Avant de se lancer sur les réseaux sociaux, Anne-Marie a longtemps gardé sa maladie pour elle, entre autres parce que ses parents l’encourageaient à ne pas en parler. Quand elle a pris conscience de l’ampleur de sa condition, son premier réflexe a été de le cacher à ses amis et camarades. Jusqu’à ce qu’un jour, elle ne l’a plus supporté : « Une fois quand j’avais 16 ans, on devait fêter l’anniversaire d’une copine, et on était super excitées pour cet évènement. Sauf que le jour J, j’ai fait une crise. Donc, je ne pouvais plus y aller. Et le lendemain, ma copine ne me parlait plus parce que je n’étais pas venue. Et j’ai pété un câble, j’ai expliqué à tout le monde que j’étais malade et j’ai arrêté de le cacher. », raconte-t-elle. Cacher sa maladie représente une violence symbolique interne qui s’ajoute au fait de devoir gérer les douleurs chroniques, et installe un isolement mental. « Le fait de le cacher, ça ne m’a apporté rien de bon. Alors que le fait d’en parler, ça m’a apporté une communauté sur Instagram de personnes comme moi. » ajoute Anne-Marie.

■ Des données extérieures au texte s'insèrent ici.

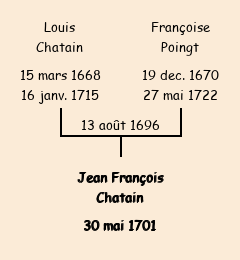 | Jean François Chatain apparait dans le recensement de la population de 1716. |
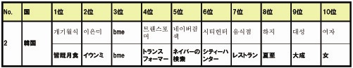 韓国では、人気・話題の映画やドラマのキーワードが急上昇しています。また、皆既月食や大成(人気アイドルグループBIGBANGのメンバーの一人。6月に交通事故を起こした。) など、時事ニュースや企業ニュースに関連するキーワードが急上昇しているのも特徴です。一方で、レストランなどの一般的なキーワードも含まれています。
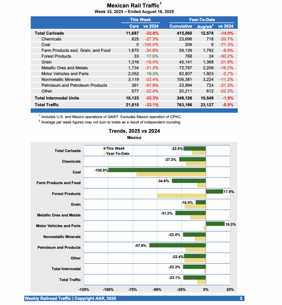 Mexican railroads reported 11,687 carloads for the week, down 22.8% compared with the same week last year, and 10,123 intermodal units, down 23.3%. Cumulative volume on Mexican railroads for the first 33 weeks of 2025 was 763,186 carloads and intermodal containers and trailers, down 8.9% from the same point last year.

Plusieurs personnes atteintes de la drépanocytose ont recours à un suivi psychologique pour lutter contre ce sentiment d’isolement mental, mais aussi, contre la difficulté d’acceptation et le fait de ne pas se sentir comme les autres. « Je suis la seule drépanocytaire de ma famille, de tous mes frères et soeurs et de tous mes cousins et cousines. Ma vraie difficulté, c’était que moi aussi je voulais aller courir quand les autres allaient courir. C’est à partir du moment où mes parents ont commencé à me mettre beaucoup de restrictions sur les activités physiques que j’ai compris qu’il y avait une différence entre moi et les autres. » se souvient Anne-Marie.

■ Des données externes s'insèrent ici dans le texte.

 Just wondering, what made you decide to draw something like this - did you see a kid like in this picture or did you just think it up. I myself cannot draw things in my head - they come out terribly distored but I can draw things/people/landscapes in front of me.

Quand on est jeune, il est particulièrement difficile d’accepter cette condition physiquen, entre autres parce qu’il faut penser à tous les détails avant de se lancer dans des activités avec ses amis. Par exemple, lorsqu’on planifie un voyage, pour les longs courriers, il faut absolument porter des bas de contention pour se protéger de la coagulation du sang causée par une forte altitude. Pour les baignades, il faut vérifier la température de l’eau, et, au cas où elle serait trop froide, éviter de se baigner. Concernant les destinations à forte chaleur, il faut également rester vigilant.
Pour ces raisons, de nombreuses personnes atteintes de la drépanocytose passent par une période d’anosognosie, un trouble qui empêche de prendre conscience de sa condition, et qui implique le fait d’en minimiser les symptômes et ses conséquences.

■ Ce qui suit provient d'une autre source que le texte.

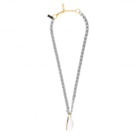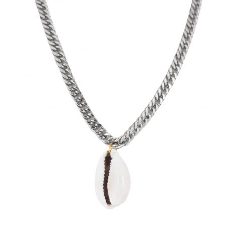 Le collier Shore de la marque MURA s’inspire des trésors marins pour offrir un bijou à la fois tendance et intemporel. Sa chaîne argentée à maillons serrés apporte une touche moderne et affirmée, contrastée avec la douceur naturelle de son pendentif.
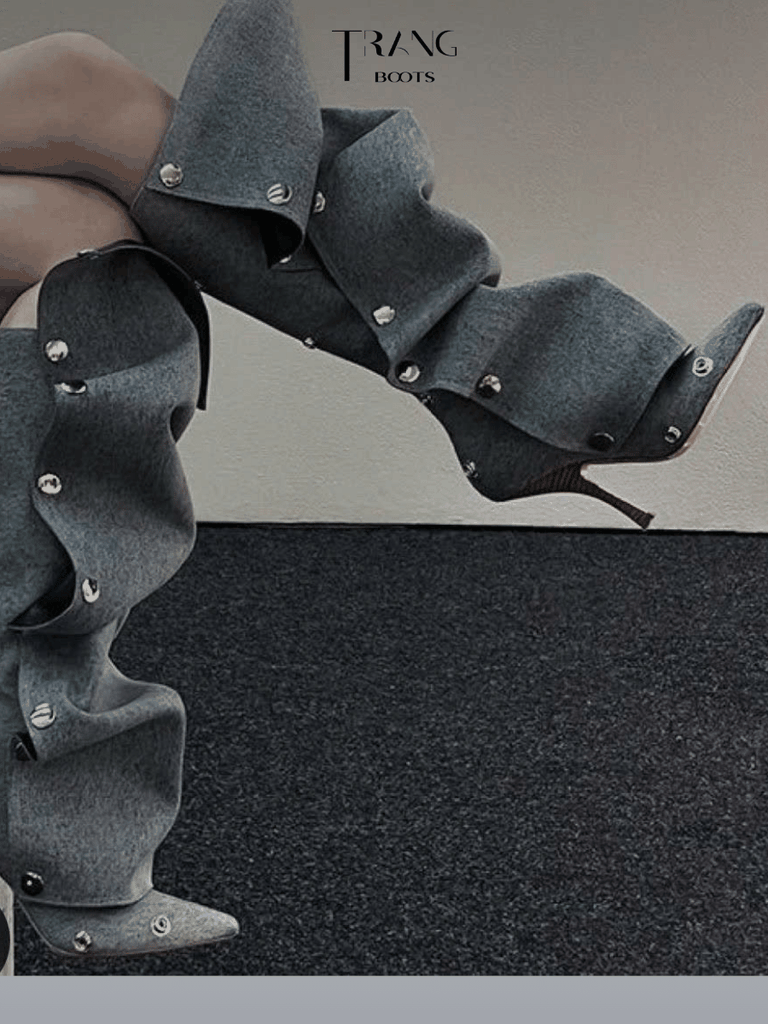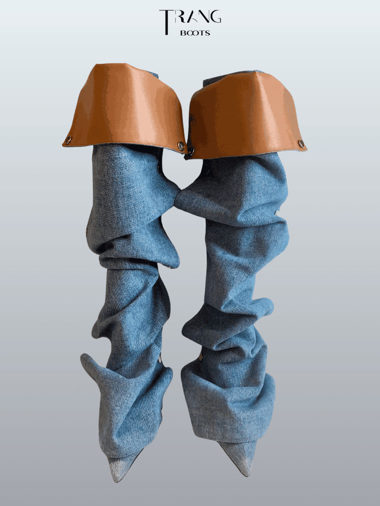 Knee Boots phối nhún denim – cá tính & thời thượng

Lindsey, 21 ans, drépanocytaire explique : « Comme la drépanocytose n’est pas vraiment une maladie continue, et que les crises n’apparaissent pas tout le temps, pour ceux qui ont une forme plutôt calme de la maladie, il est possible que l’on oublie qu’on est malade. Parfois, on veut juste se sentir comme les autres. Plusieurs fois j’ai oublié de prendre mon traitement, ou alors je ne l’ai pas pris volontairement, parce que je refusais de me sentir malade et de l’accepter. Il y a une forme de déni mélangé à du refus. C’est psychologique. »
Aujourd’hui encore, la gestion de la douleur chronique et ses implications sur la vie quotidienne représentent un enjeu dans la vie d’Anne-Marie. Il lui est compliqué de trouver un job étudiant en raison de sa santé. Tous ces détails font partie de la charge mentale qu’implique de vivre avec la drépanocytose, en plus des questionnements liés au futur.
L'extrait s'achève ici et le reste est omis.